Schools are implementing a statewide campaign for universal transitional kindergarten this year, but the school district has more to do before all of Santa Clara County’s youngest learners can sit in classrooms. you need to do
California is promoting broad access to Transitional Kindergarten (TK) through the Universal Pre-Kindergarten Initiative passed in 2021. This grade level is a stepping stone between preschool and kindergarten. The plan will begin gradual enrollment of the state’s youngest students, starting September 2, 2022 with the student turning five years old between February 2, 2023.
The hope is to enroll all students ages 4 and up by the 2025-26 school year. Experts say the challenge is staffing this extra grade, and teacher shortages are already a problem across the education system.
Every child deserves quality early childhood education, but this requires qualified teachers, said Heidi Emberling, interim chief program officer of early childhood nonprofit FIRST 5. I’m here. TK educators are required to earn an additional 24 credits in Early Childhood Education in addition to their standard teaching qualifications.
Emberling told the San Jose Spotlight: “This is the first year of his TK expansion, so it will take him four years to figure this out.”
Santa Clara County school superintendent Mary Ann Dewan, a columnist for the San Jose Spotlight, said the state is trying to address the staffing shortage by funding teacher training programs. Some school districts in the county are looking for ways to build subsidized housing to attract teachers and are looking to subsidize this need through bond measures. Grants are general funding based on enrollment and attendance and are also available to assist districts in repurposing classrooms to accommodate younger students.
Dewan added that the long-term payoff is clear, and participating in an early childhood education program like TK makes students more likely to graduate from high school on time. Early childhood programs also help with language development, social-emotional learning, and physical development.
In Santa Clara County, many school districts have already introduced this new requirement.
The Santa Clara Unified School District has offered an interim kindergarten since 2012. The district expanded TK classrooms from 8 to 11 this year, and enrollment increased from his 140 to his 210, interim superintendent Gary Waddell said. The district is working to find qualified teachers to continue increasing the number of TK classrooms, he said. Needs improvement too.
“What we can do early in a child’s life to set them on a positive path and build a strong foundation can actually benefit their careers in school and throughout their lives.” Waddell told the San Jose Spotlight.
The Universal TK classroom also forms a strong base for English Language Learners (ELLs) at Alum Rock Union School District, said Superintendent Hilaria Bauer.

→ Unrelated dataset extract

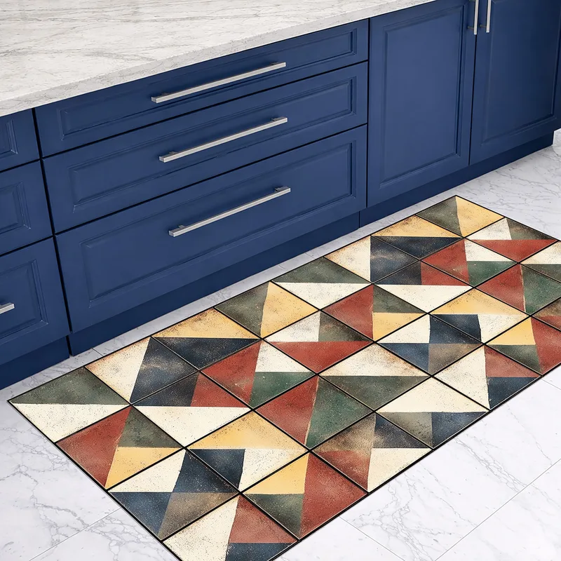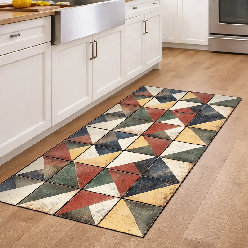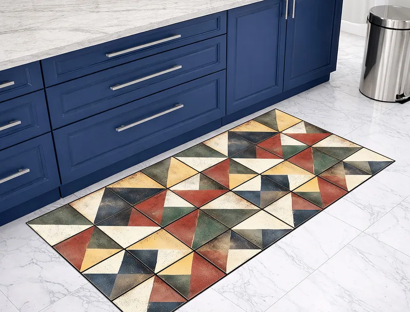 שטיח PVC בעיצוב אריחים גאומטריים צבעוניים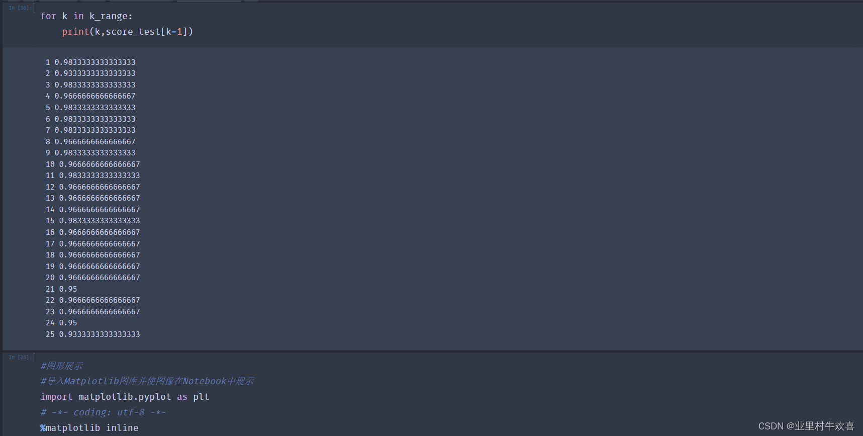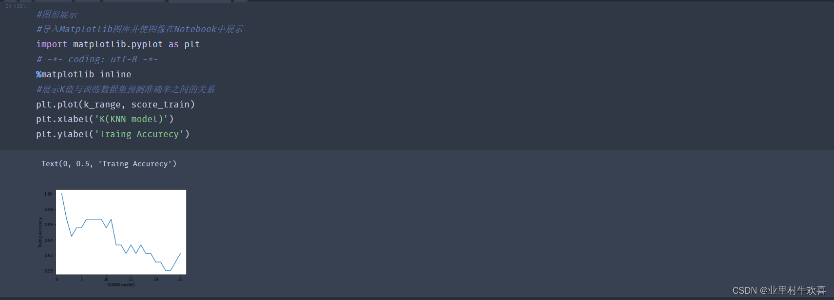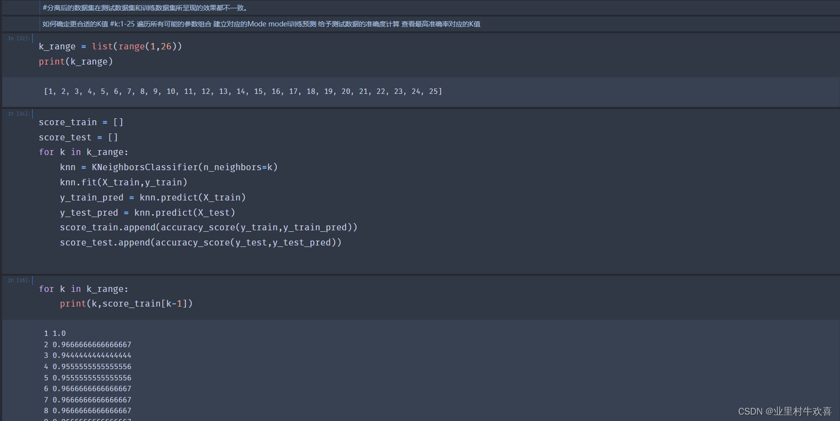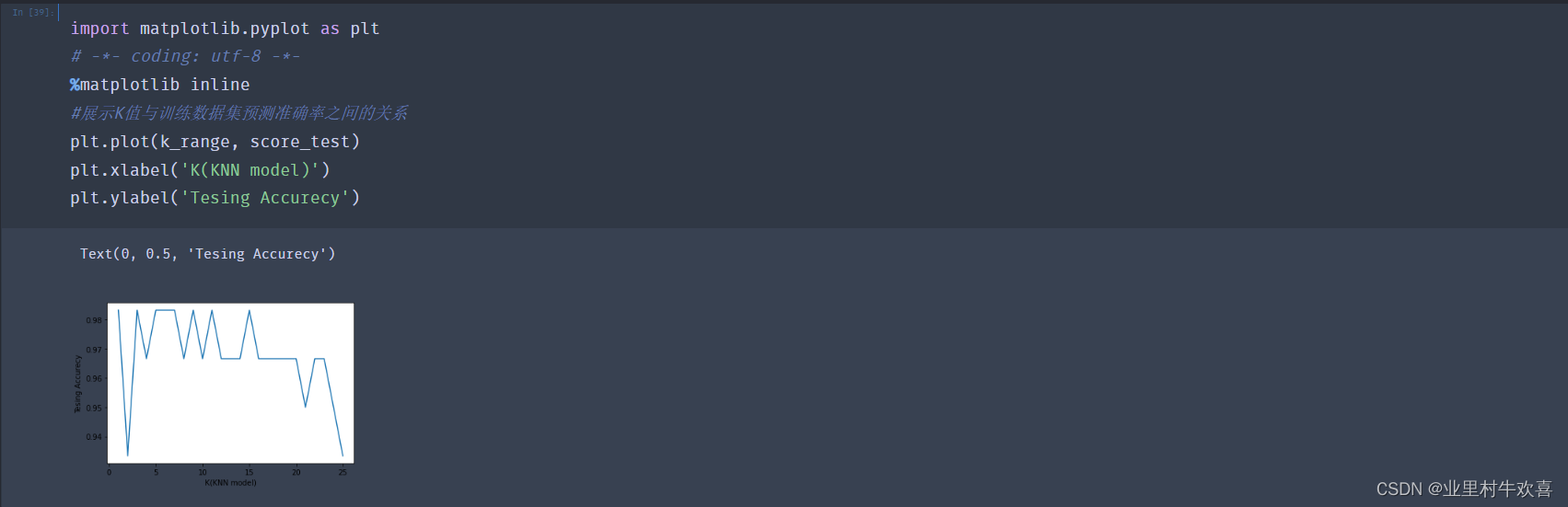总结:机器深度学习可以把数据集进行深度建模,以相应的算法进行测试和评估。上图模型训练的原理使用KNN模型、KNN模型适用寻找knn的值相等的数据集进行模型训练。模型评估使用准确率、数据分离和逻辑回归、混淆矩阵适用找寻数据中存在准确性、回归性、特异性。我们根据使用实际的业务需求范围进行技术选型,后期人工智能学习的范围还很广,深度还有。路漫漫兮,努力学习。

From 2015 a provisional kindergarten class was established in the district.
“In 2015, our ELL population was about 70%, many of whom were long-term English learners. increase. “It all starts with TK.”
Bauer said the district is investing in early education by converting César Chavez Elementary School into an early learning center, which is under construction and will open later this year. The early learning center aims to alleviate the demand for childcare and early education among working-class families in East San Jose.
“We want to encourage more parents to enroll their four-year-olds in quality programs with certified early learning teachers,” said Bauer. “It really makes a difference.”